ŞU PARA DEDİKLERİ (2)

            Kapitalist ya da olmayan bir ‘ekonomi’nin ‘para kuramı’nı yapmak başka, tamamen ‘para’ya dayalı bir ekonomideki (économie monétaire) parayı ele almak başkadır demiştik.

            O nedenle birinciler Simiand’dan Keynes’e, Friedman’dan Aglietta-Orléan’a değin, neredeyse tüm ‘paracı ekonomist’lerin öylesine sofistike, öylesine karmaşık model ve kuramları vardır ki, mesleği ekonomi olanlar bile net bir kanıya varmakta güçlük çekebilirler.

            Bu köşenin okurları nasıl anyalabilsinler, değil mi ama?

            Oysa, bizce ‘bilim’in en belirgin özelliği konuyu ‘en yalın biçimiyle’ ortaya koymaktır.

            Örneğin Marx’ın ‘artı-değer’ üzerine verdiği konferans, bir bilimsel sempozyum değil ama fabrika işçileri idi.

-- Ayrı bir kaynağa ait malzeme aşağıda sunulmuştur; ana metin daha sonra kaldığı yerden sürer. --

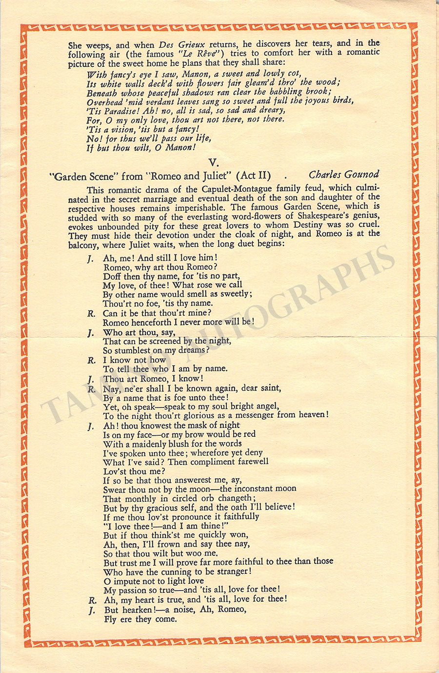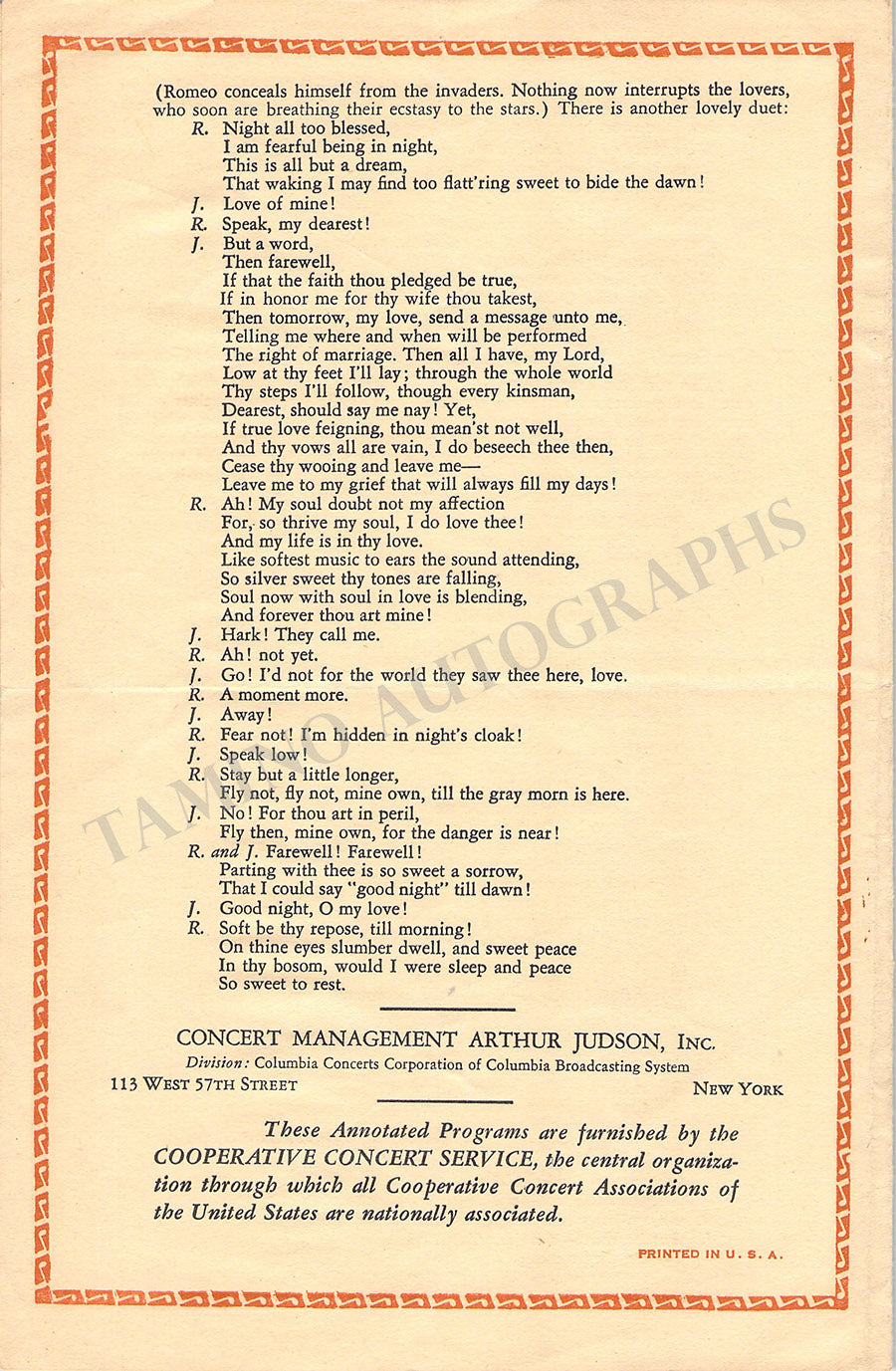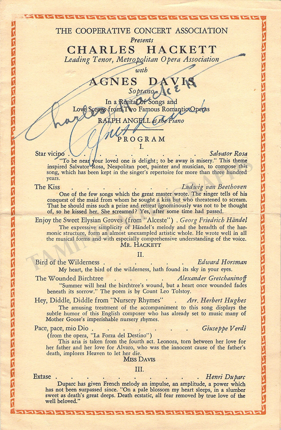 Program for a performance of the celebrated American tenor in New York (no date but circa the 1940s) signed by him and by the soprano Agnes Davis.
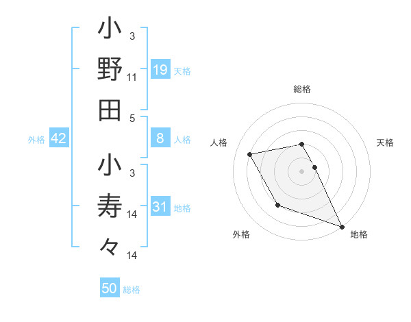 小野田 小寿々さんを姓名の画数から五運を鑑定
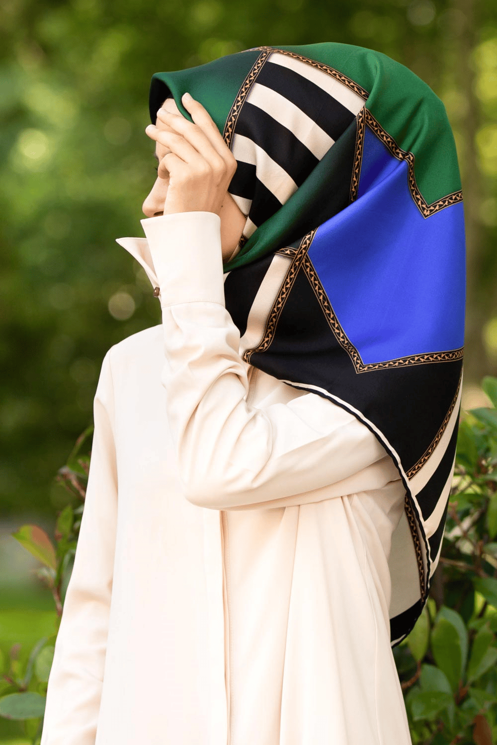 %100 Twill İpek Geometrik Desenli Saks - Zümrüt Yeşili Renkli 90x90 Eşarp Dikim Şekli : El Dikişi
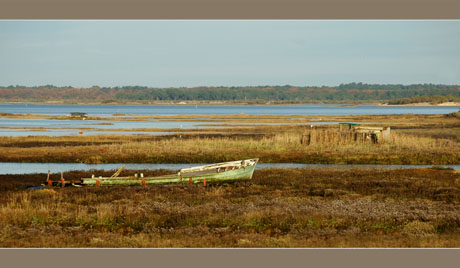 Lundi encore : la lumière du soir, en regardant cette fois vers Audenge et le fond du Bassin. Epave éventrée, vieille plate, tonnes de chasse sans chasseurs, échassiers chassant alors… leurs idées noires !… :razz:

            Gel gör ki, bizim ‘paracı ekonomistler’ Marx’ta ‘para kuramı yok’ diyebilmektedirler.

            Bir yönüyle haklıdırlar, çünkü Marx ‘para kuramı’ değil ama bir ‘para ekonomisi’nden başka bir şey olmayan ‘Kapitalizm’in ya da kısaca ‘Kapital’in kuramını yapmıştır.

            ‘Paracı’lar, örnek olsun ve kabrinde rahat uyusun hocam profesör İlker Parasız gibiler de ‘Parasız’ olduğu için değil ama bu gruba dahil olduğu için, örneğin bana, başarılı olmanın ancak ‘sistem içinde kalmak’la mümkün olabilecğini salık veriyordu.

Nitekim, biraz da ‘iman kuvveti’yle,  sınıf arkadaşım Tl’den altı sıfır atan ‘ekonomiden sorumlu başbakan yardımcısı’ olmuştu.

            Oysa, huyum kurusun, ben konuya ‘sistemin eleştirisi’ ile başlamaktan yanayımdır.  

            Şimdi o ünlü ‘paracı ekonomistler’in ‘para’yı, gerçekte bir ‘para dili’ olan İngilizce’siyle şu üç sözcüğe (ConfidenceCredibility et Trust) indirgedikleri söyleyebiliriz.

            Her üç sözcüğün Türkçe karşılığı ise, genel olarak ‘güven’dir.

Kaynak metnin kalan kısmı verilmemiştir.